Worst haunted bed movie ever, kiddos........2005-08-25
If you like cheese and crap all rolled together, you just might enjoy this one. The lead actress looks like a poor man's Jennifer Aniston. She is involved in a few "sex scenes" and one shower scene and somehow manages to reveal zero in the way of nudity. The actor who plays the murderer is listed in the credits as Dukey Flyswatter (I'm guessing he didn't want his real name associated with this film). The male lead is always either getting something to drink, or recommending that his wife drink something (specifically, hot chocolate) to make her feel better. You'd think that a girl who is forever drinking hot chocolate would taste the difference on the occasion when 20 valiums are crushed up in her mug (but then again, I've never tasted a valium so I guess it's possible that they are sweet like candy). I did laugh out loud a few times during this movie, though. Pay special attention to how the husband "soothes" his wife in the scene after she tearfully reveals the painful story of how her uncle used to handcuff her to her bed and molest her as a child... priceless stuff. There is also a laugh-out-loud kill sequence where our heroine appears to be swinging her hammer in every direction other than where her bloody target is lying. But the most hilarious moment of all is featured in the "making of" segment. The actress who plays the ghost girl recounts how excited she was to get a shot at staring in Death Bed after reading and being "won over" by the amazing script! Ahhhhh ha ha ha ha!!

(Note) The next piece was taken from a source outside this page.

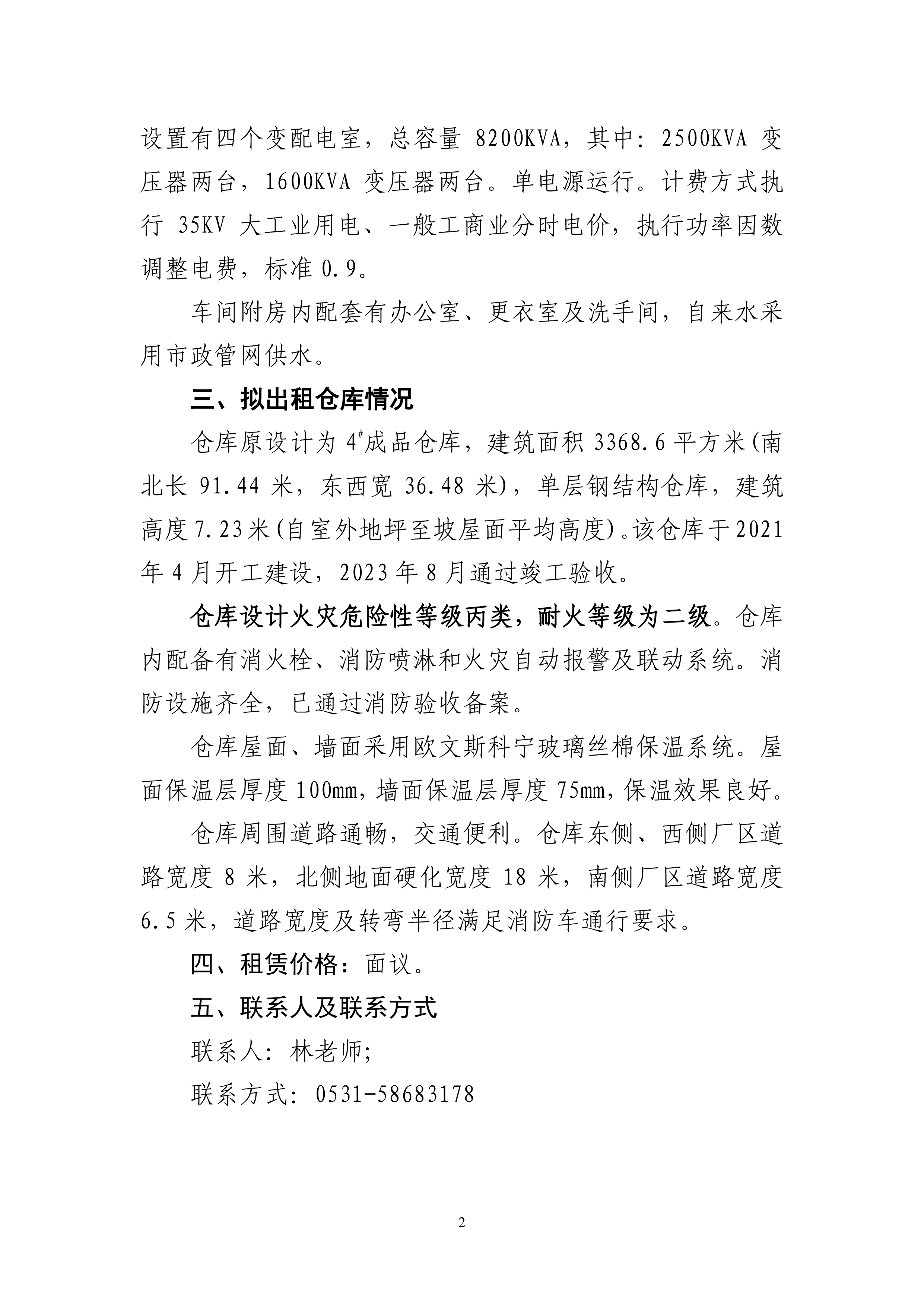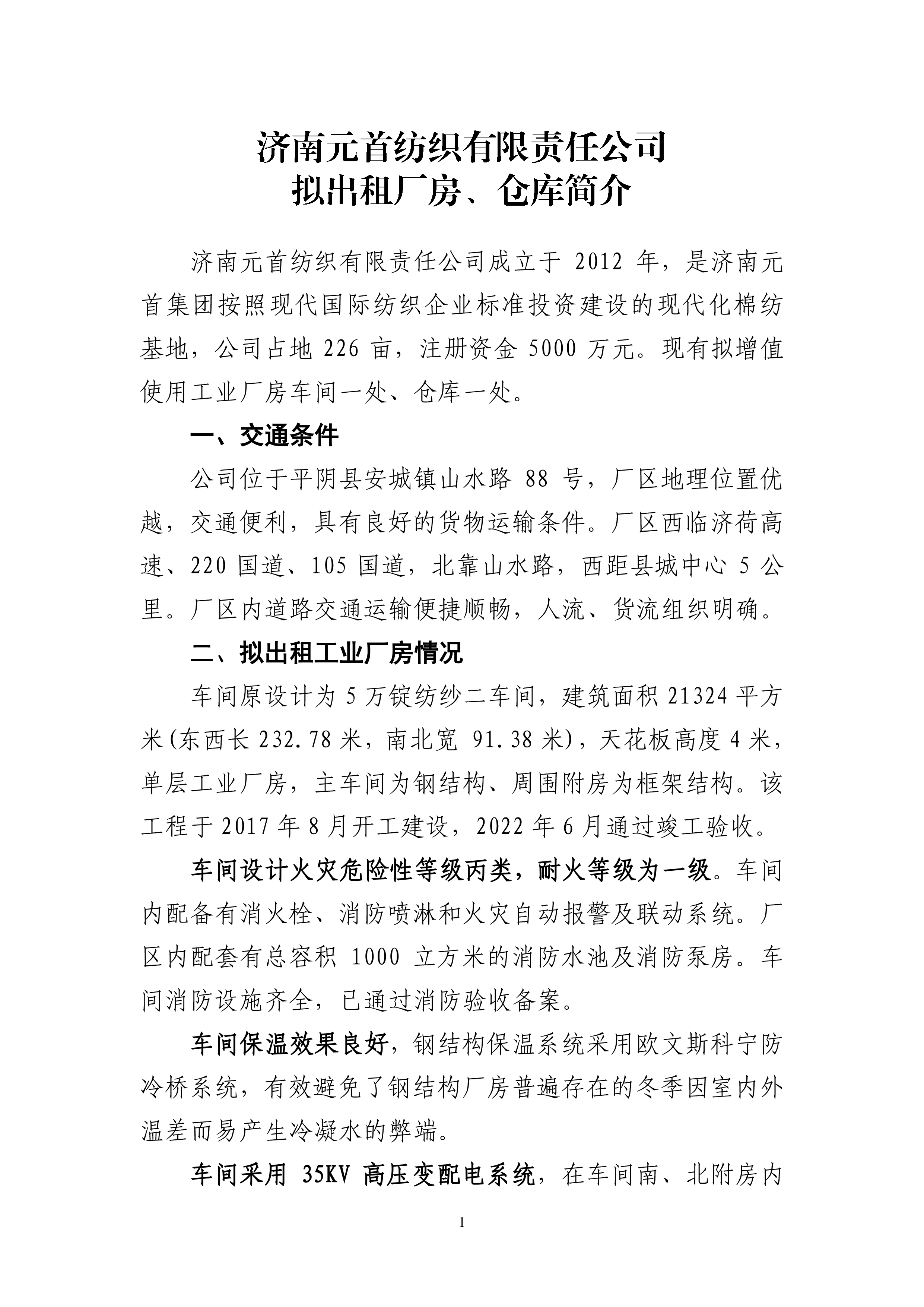 济南元首纺织有限责任公司拟出租厂房、仓库简介

wow, this movie sucks........2005-05-30
A young couple decide to rent an appartment in hollywood when they settle in they discover that inside a locked room which is opened by the landlord has an old bed and matress, the bed seems to be possesed by an evil spirit. If you find the idea of a possesed bed to be intresting then you'll probably like this film, otherwise I found the film to be rather anoying and dull. Most of the time nothing happens except for the ending which has a badly executed gore scene. The only reason why I watched this piece of crap in the first place was because of Stauart Gordon who produced it I thought it was going to be a decent horror film. The film was shot on digital video and was directed by Danny Draven and was released on the full moon label allthough I cannot recomend this crap to anyone so I suggest that you avoid it.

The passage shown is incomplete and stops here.